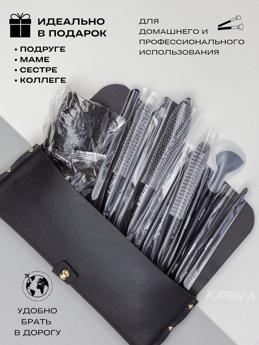 Кисти для макияжа / Набор кистей для лица черный в чехле интересное:
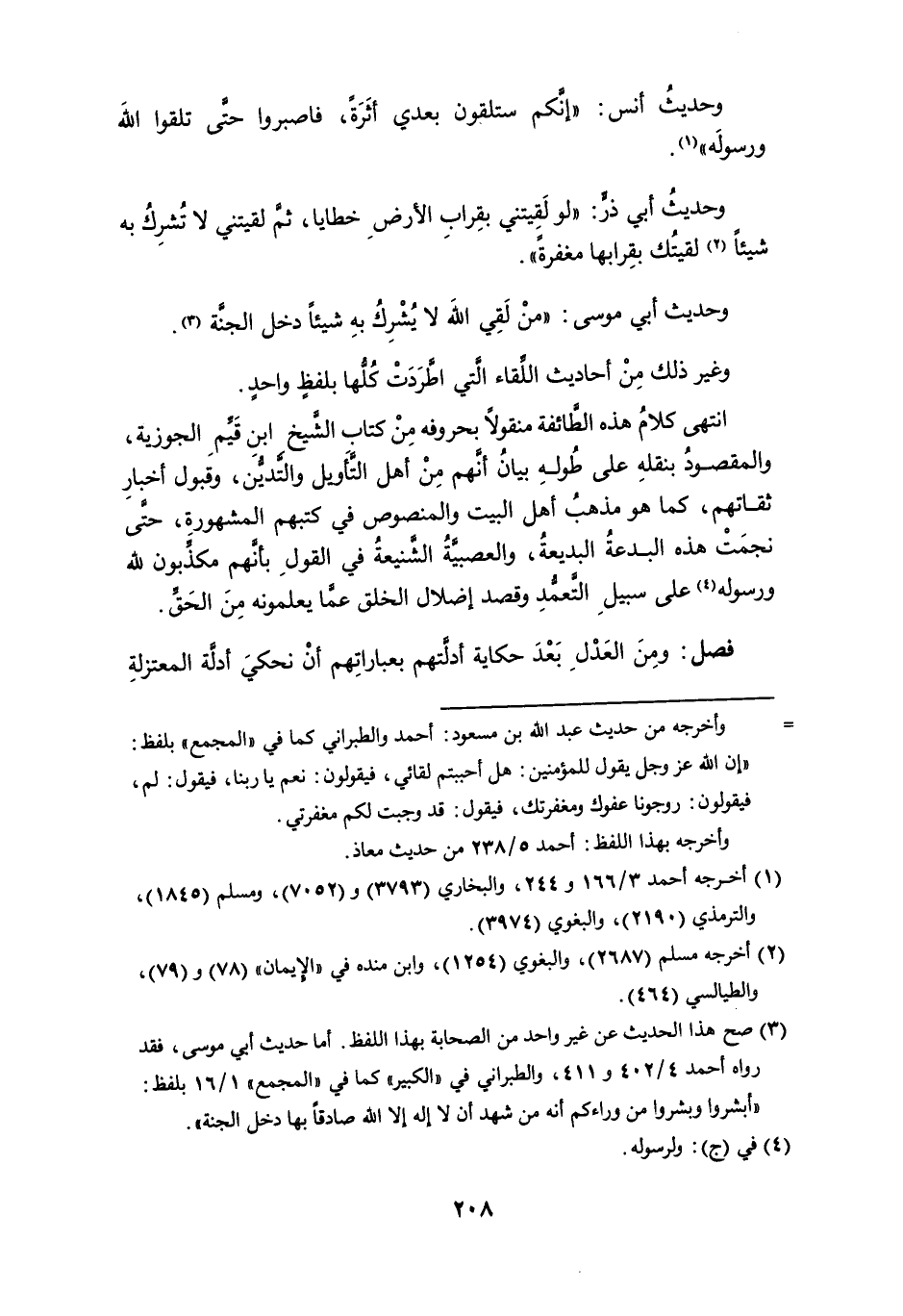 فصل: ومن العدل بعد حكاية أدلتهم بعباراتهم أن نحكيَ أدلة المعتزلة
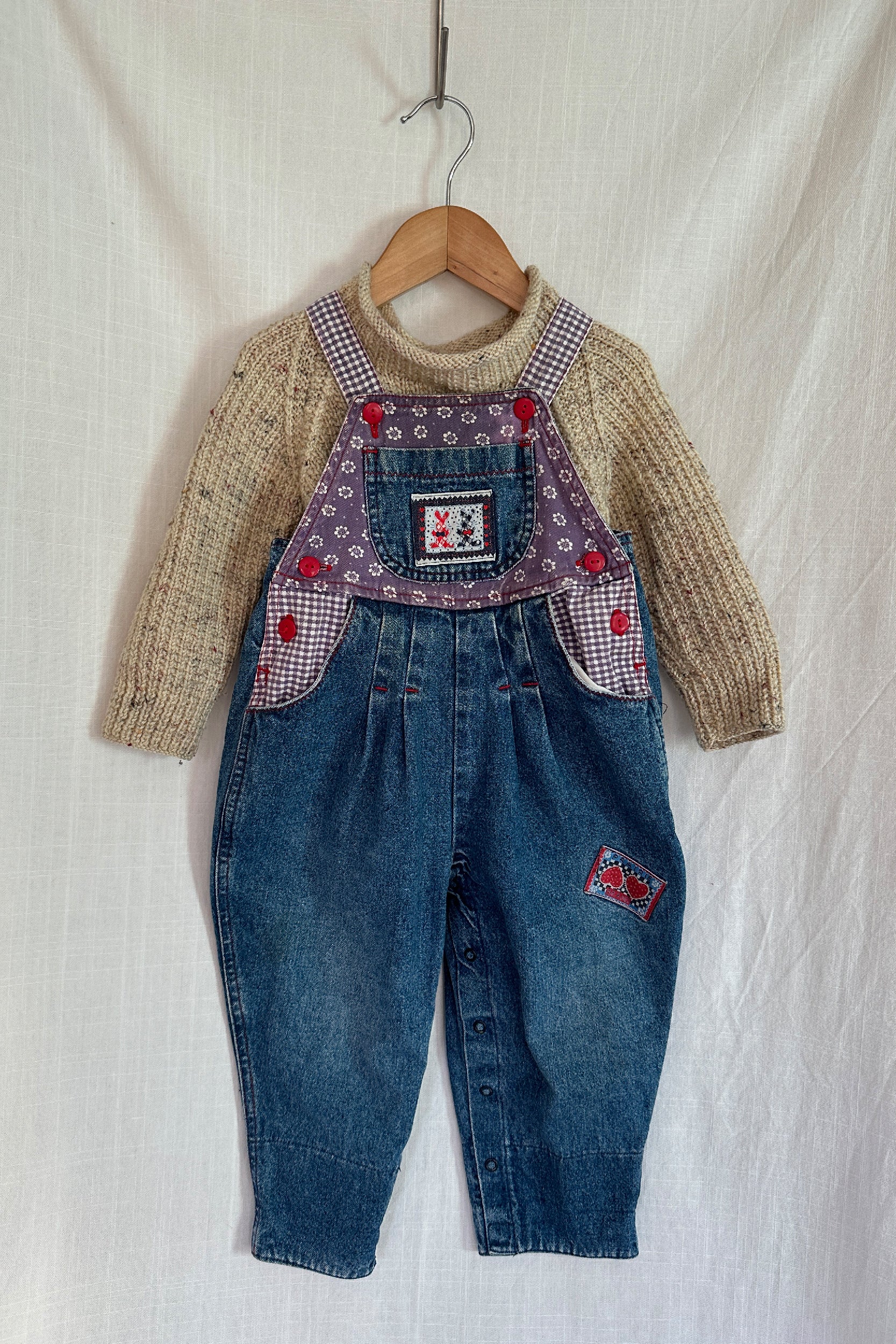 90s Vintage St. Micheal Dungarees in a cool indigo wash. Amazing bubble-leg silhouette accentuated by pleat detail on waist. We adore the retro patches, and contrast purple-tone floral and gingham details. The straps feature 3 adjustment points, and legs can be unrolled so the garment will fit for longer. Snap inseam for easy nappy-changes.
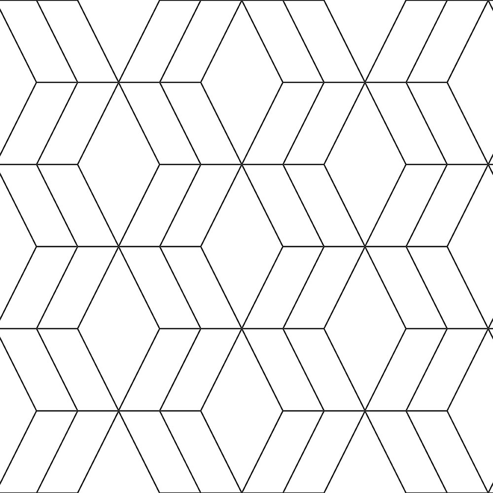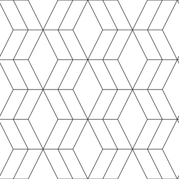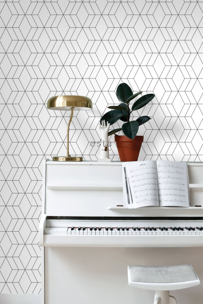 Weiße Vliestapete mit schwarzem geometrischem Muster.
◇ ◇ ◇
- _Prompt_
The response should consist of the lines above from the first through the one containing "فصل: ومن العدل", transcribed exactly, with every picture left out.

- _Answer to this exercise_
 Кисти для макияжа / Набор кистей для лица черный в чехле интересное:
 فصل: ومن العدل بعد حكاية أدلتهم بعباراتهم أن نحكيَ أدلة المعتزلة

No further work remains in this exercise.